◆ Material provided
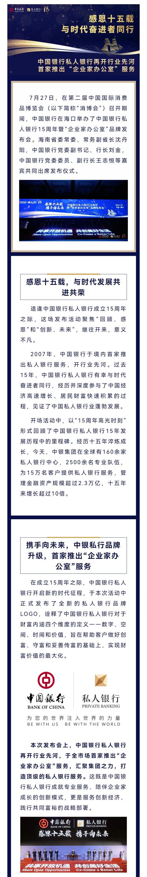 7月27日,在第二届中国国际消费品博览会(以下简称“消博会”)召开期间,中国银行在海口举办了中国银行私人银行15周年暨“企业家办公室”品牌发布会。
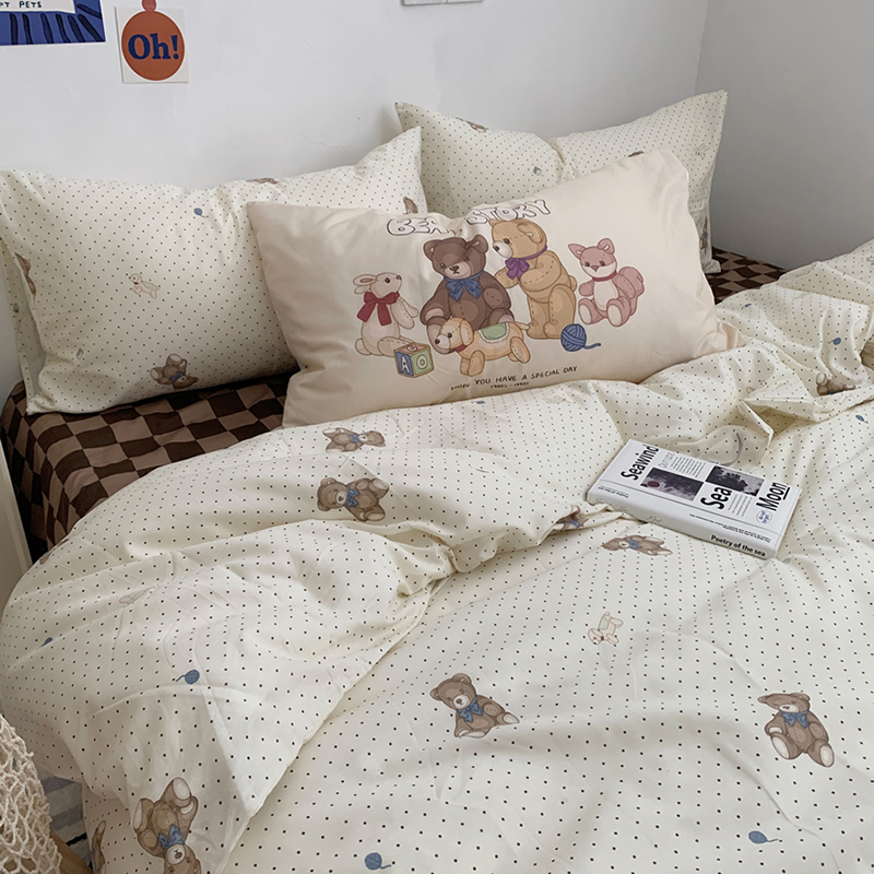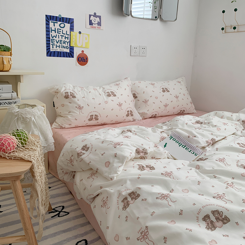 商品名称:柚可家居 2024新款40支纯棉活性印花四件套-小熊系列-实拍图第二组 丝带小熊 白格
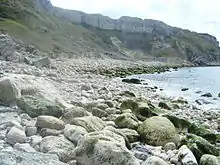 Tar Rocks are located near the bay. They are the relics of an ancient landslide, with the majority often hidden at high tide.[7] The British cargo steamer SS Thames was wrecked at Tar Rocks in 1891, after being driven ashore in fog.[8][9] In 1930, SS Barmston, a collier, was also wrecked at the site and became a total loss.[10]
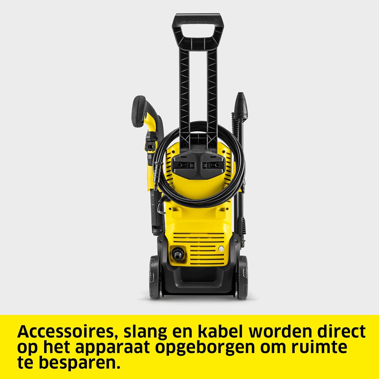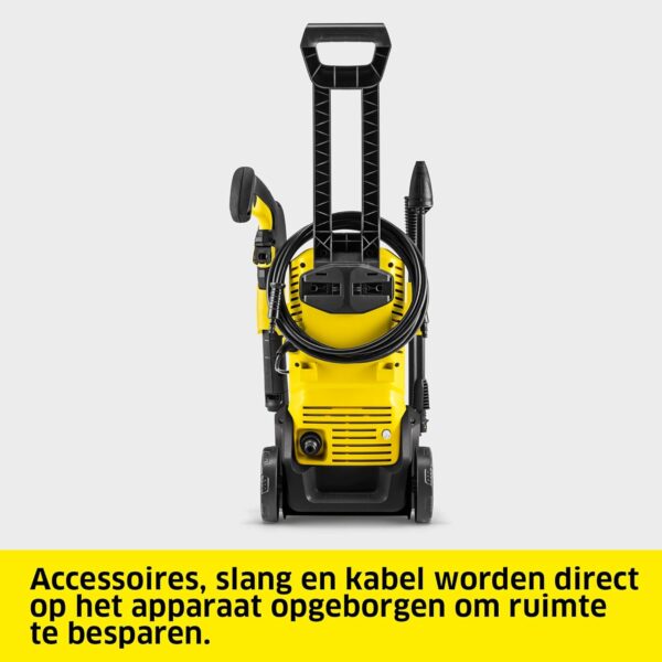 Praktische functies: Dankzij de uitschuifbare telescoopgreep is de K 2 Premium FJ gemakkelijk te verplaatsen. Kabel, spuitlansen en hogedrukpistool worden netjes opgeborgen in de geïntegreerde houders
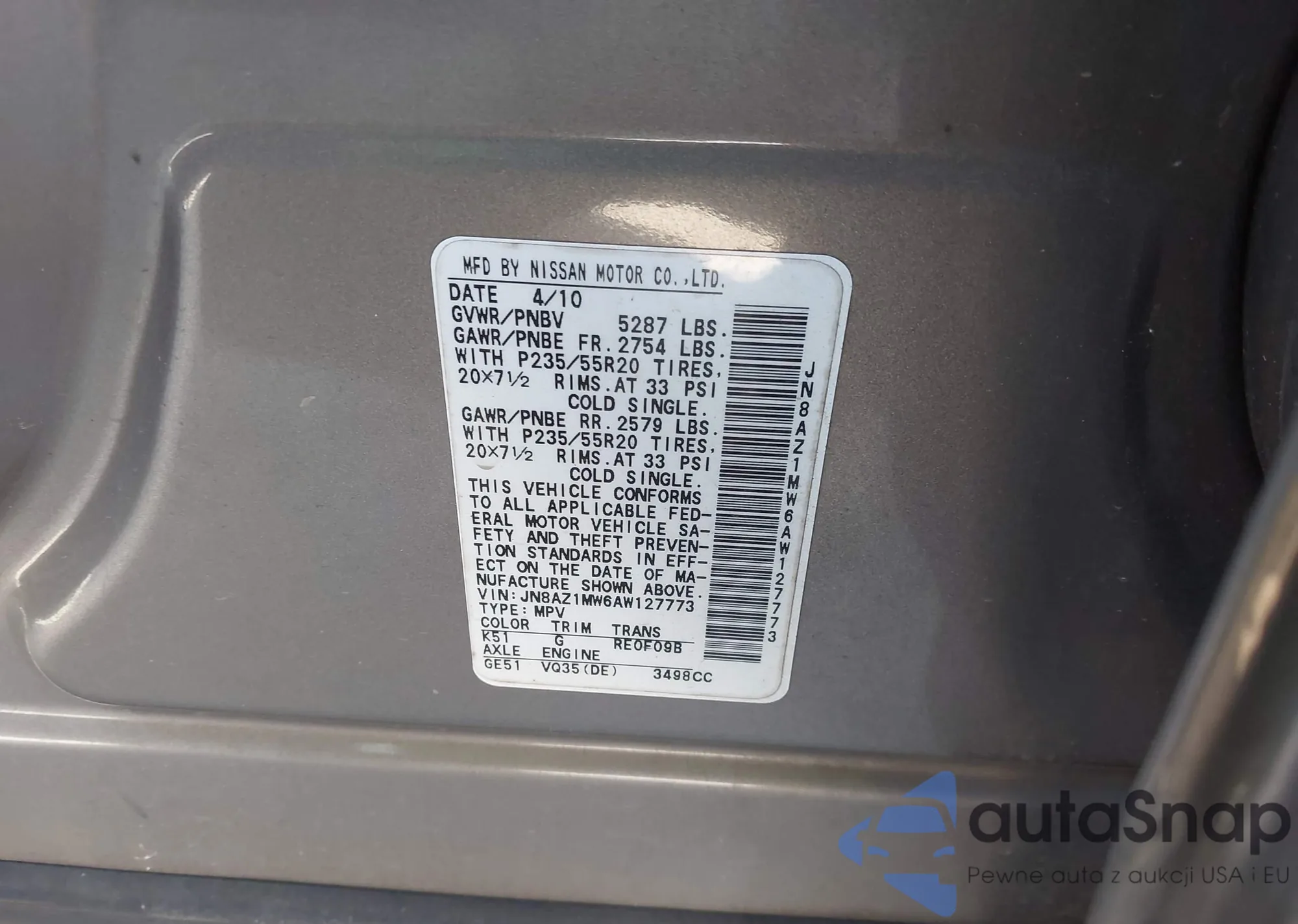 VIN: JN8AZ1MW6AW127773

◆ The task
Write out exactly and only the lines that run from the start of the data above through the line containing "商品名称:柚可家居 2024新款40支纯棉活性印花四件套-小熊系列-实拍图第二组 丝带小熊", leaving the pictures out.

◆ Exercise output
 7月27日,在第二届中国国际消费品博览会(以下简称“消博会”)召开期间,中国银行在海口举办了中国银行私人银行15周年暨“企业家办公室”品牌发布会。
 商品名称:柚可家居 2024新款40支纯棉活性印花四件套-小熊系列-实拍图第二组 丝带小熊 白格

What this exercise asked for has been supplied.